REQUIREMENT
From the line holding "Stephanie Marie Roos, 2020, 44" through the line holding "A not so close" below, write out every line exactly; include both of those lines and drop the pictures.
::: INPUT
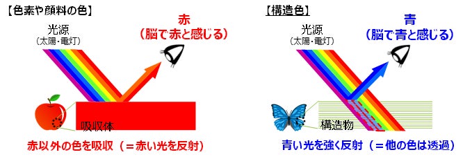 背景色によっても色合いが変化。黒色の背景に構造色を加飾すると、透過光が吸収されて構造色の反射色が見えるが、白色の背景では透過光が吸収されず、その補色が見えるようになる。
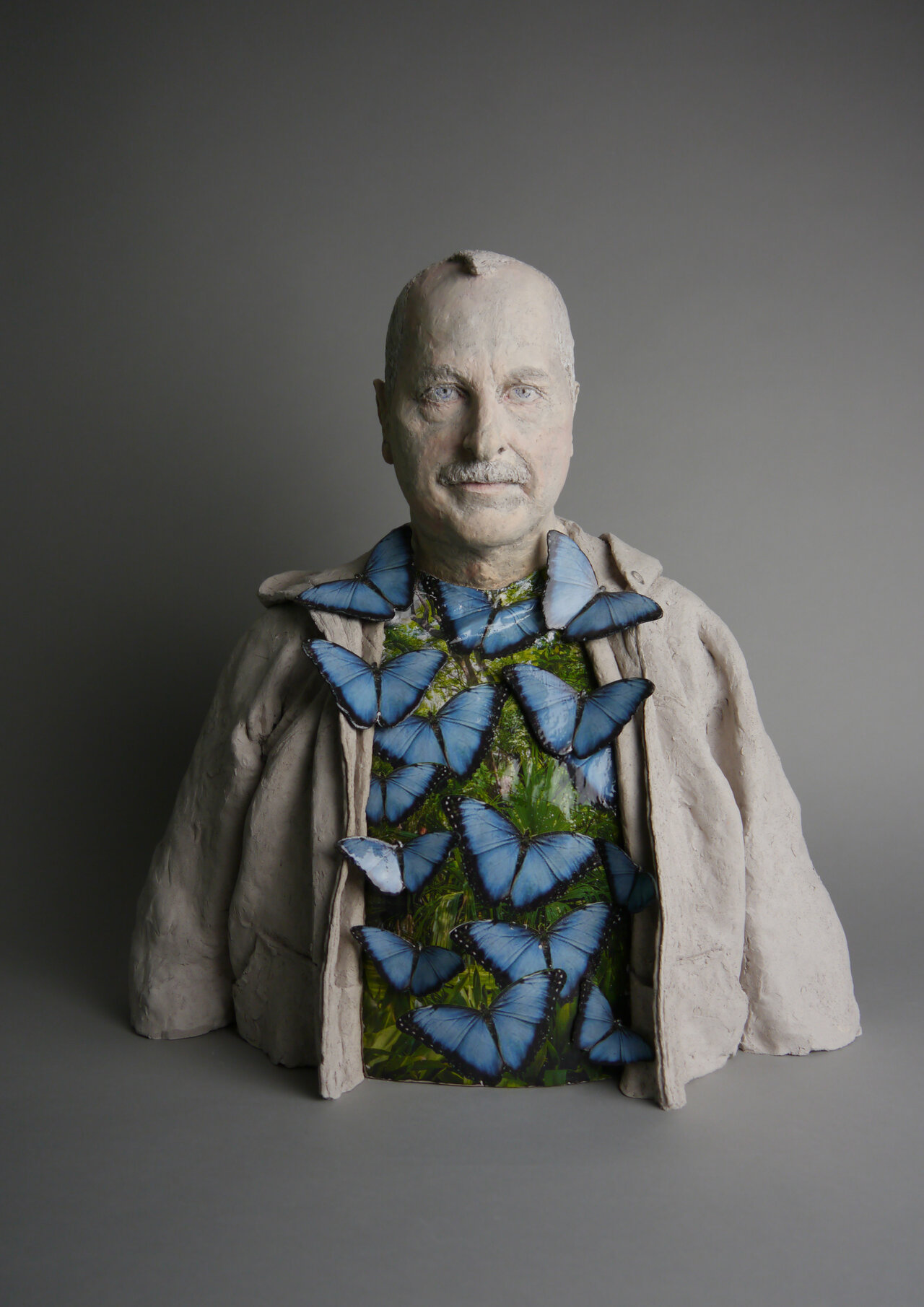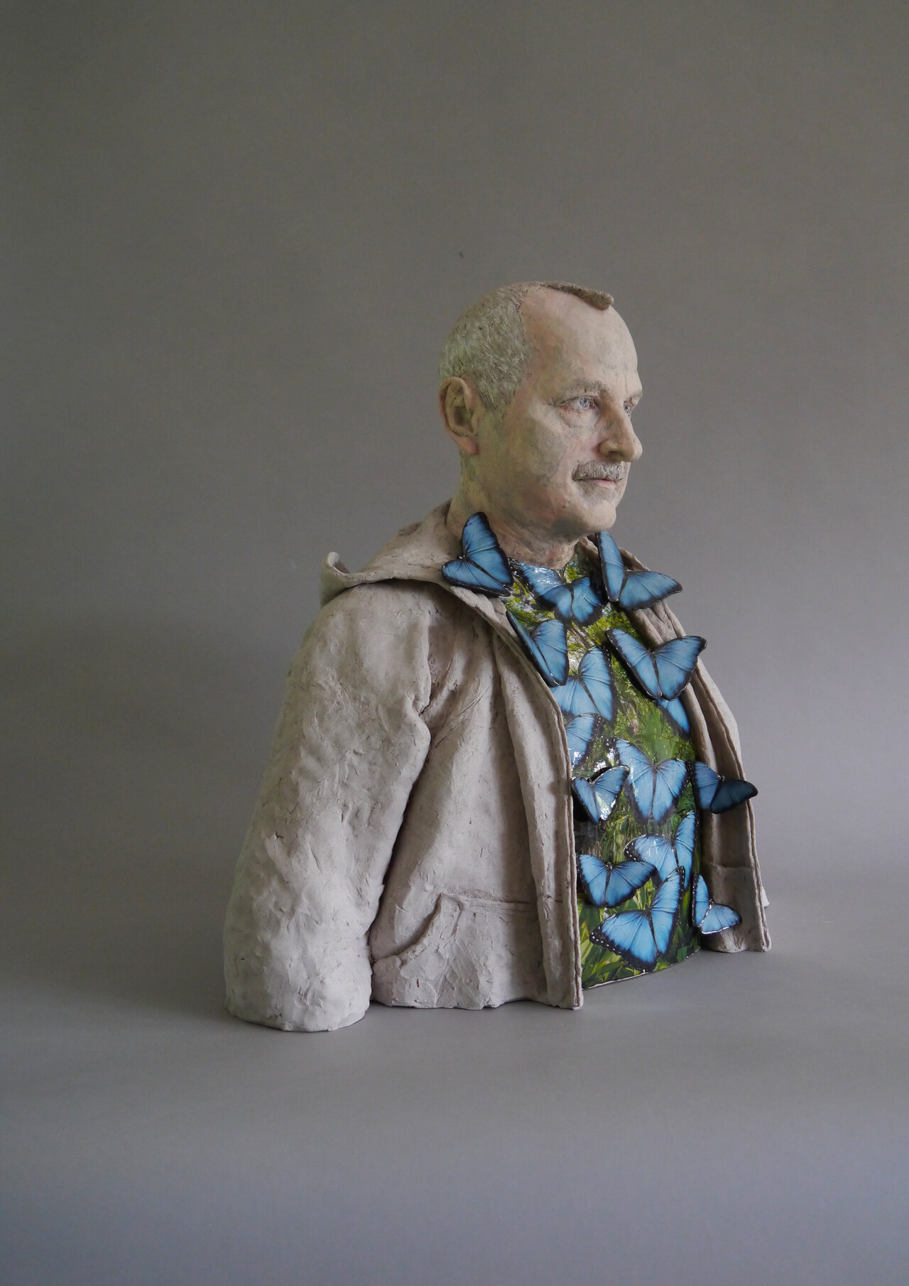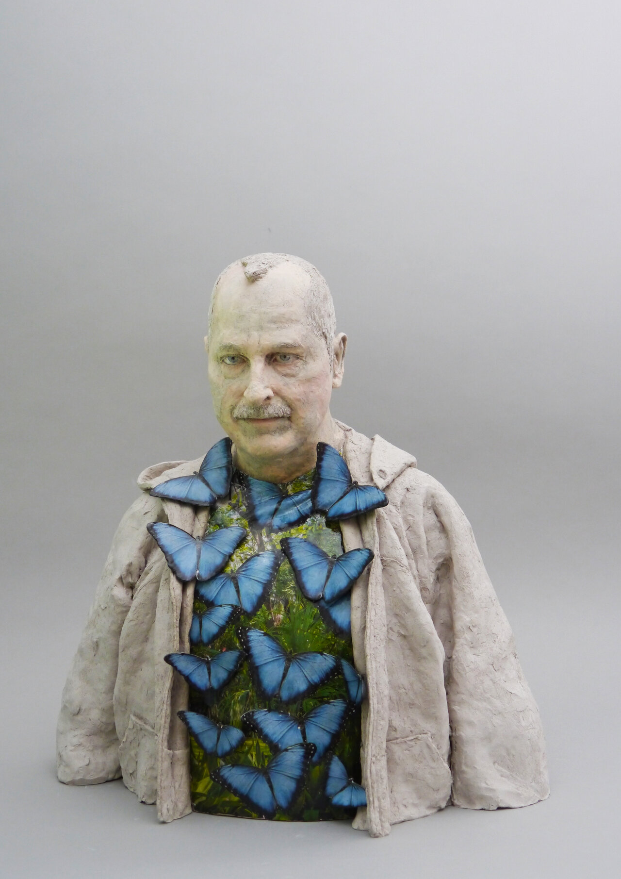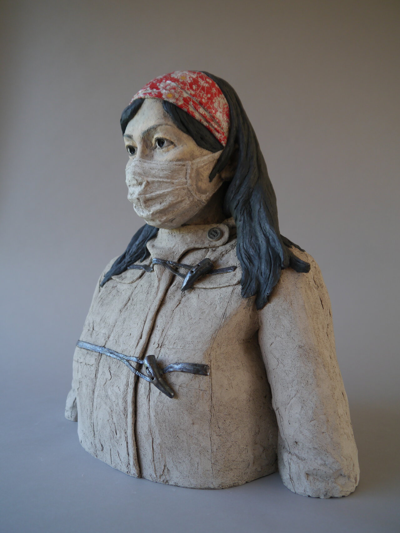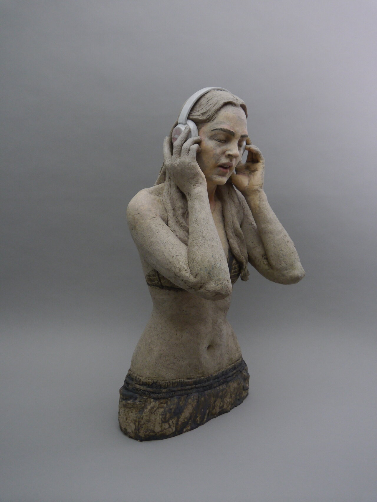 Stephanie Marie Roos, 2020, 44 x 25 x 47 cm, Steinzeug, Engobe, Unterglasurdecal, Glasur, Glanzgold
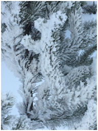 We neared the top of the Fire Guard below the headwall of Storm Mountain and Ivan skied into the pines for a lunch break. The hoar frost was thick and coming off the trees in the light breeze. Ivan pronounced it as rime, not hoar frost, and we had a discussion about surface hoar forming on the snow pack. “What did Felix say about humidity and surface hoar?”
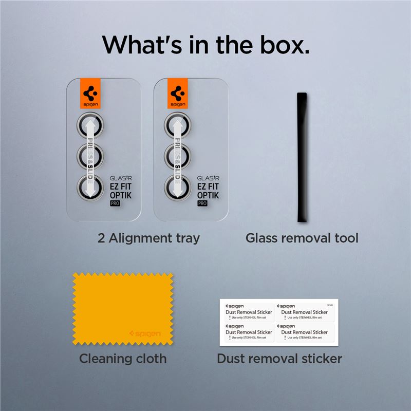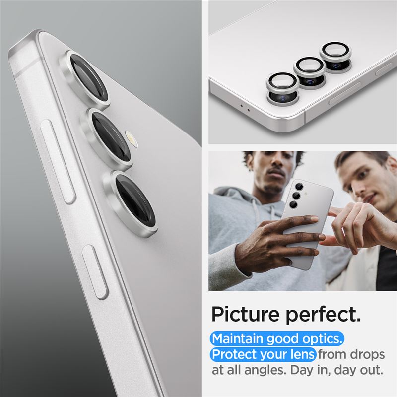Sada dvou kusů tvrzeného skla Spigen Glass tR EZ Fit Optik Pro v šedé variantě je přesně vyvinuta pro ochranu fotoaparátu na Samsung Galaxy S24+. Materiál s vysokou tvrdostí 9H působí jako neviditelné brnění, které čočky chrání před tvrdými dopady i běžným opotřebením.
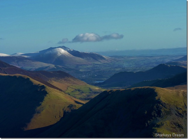 A not so close up of Blencathra, the outlined fell on the right is that of Cat Bells. |
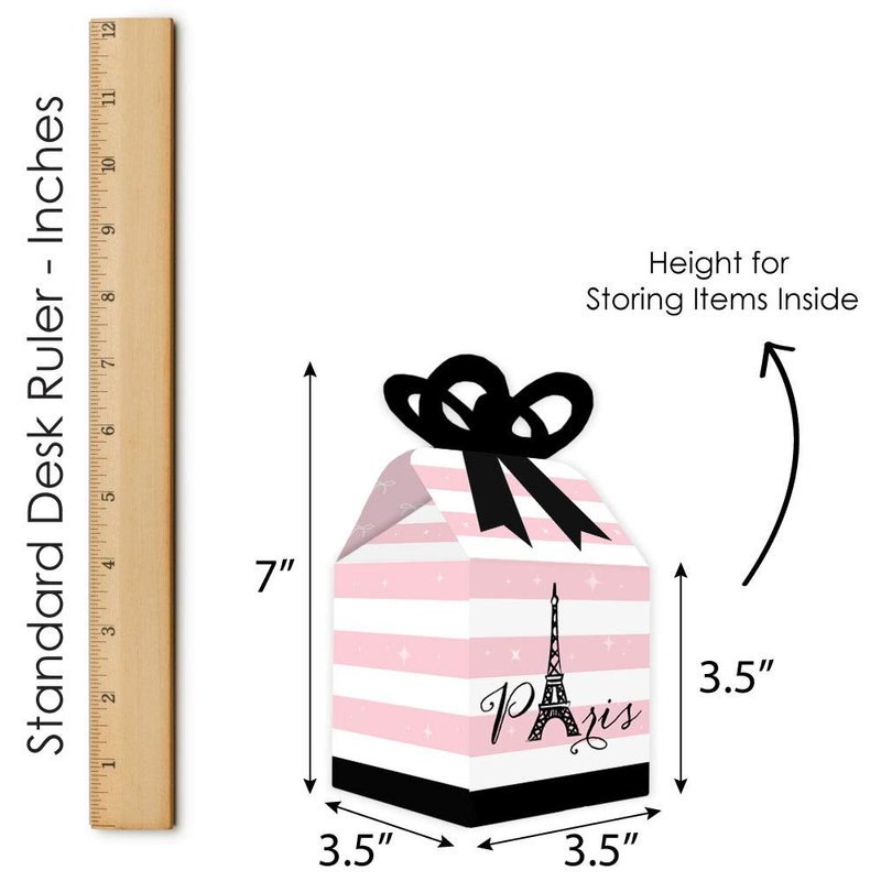 - Bow Boxes INCLUDE: 12 Paris, Ooh La La-themed square favor gift boxes. Each box SIZE measures 3.5 inches length x 3.5 inches width x 7 inches height. Bow boxes are ideal for small gifts and treats that are under 3.5 inches tall (height for storing items in closed box). When assembled and closed, each box creates a 3D paper bow-shaped top with a square bottom.
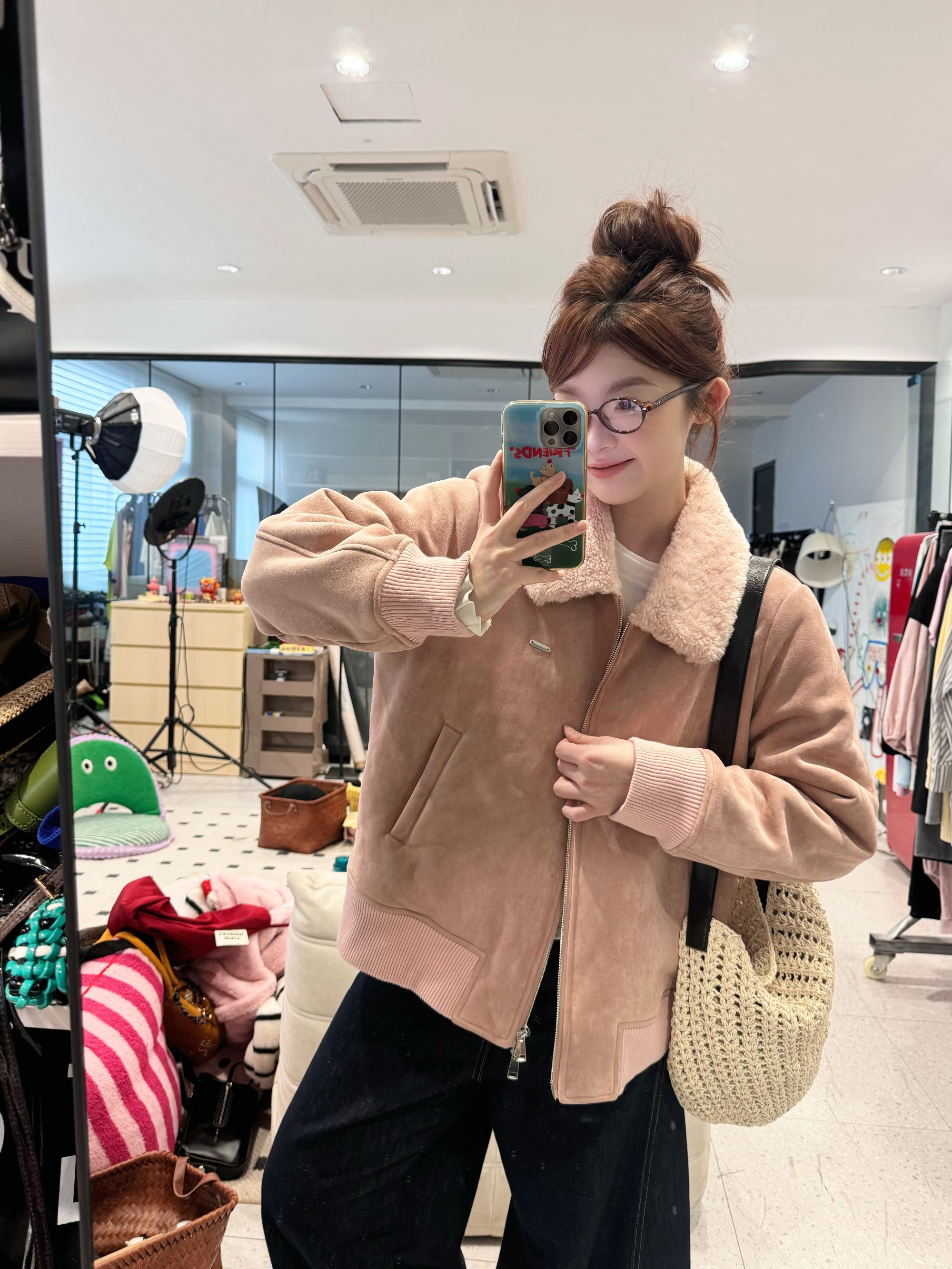 25AW上新【现货折上95折】 蕾蕾同款【冬日序言】气质麂皮绒羔羔毛翻领夹克外套冬季短款
::::::
FINAL ANSWER
 Stephanie Marie Roos, 2020, 44 x 25 x 47 cm, Steinzeug, Engobe, Unterglasurdecal, Glasur, Glanzgold
 We neared the top of the Fire Guard below the headwall of Storm Mountain and Ivan skied into the pines for a lunch break. The hoar frost was thick and coming off the trees in the light breeze. Ivan pronounced it as rime, not hoar frost, and we had a discussion about surface hoar forming on the snow pack. “What did Felix say about humidity and surface hoar?”
Sada dvou kusů tvrzeného skla Spigen Glass tR EZ Fit Optik Pro v šedé variantě je přesně vyvinuta pro ochranu fotoaparátu na Samsung Galaxy S24+. Materiál s vysokou tvrdostí 9H působí jako neviditelné brnění, které čočky chrání před tvrdými dopady i běžným opotřebením.
 A not so close up of Blencathra, the outlined fell on the right is that of Cat Bells. |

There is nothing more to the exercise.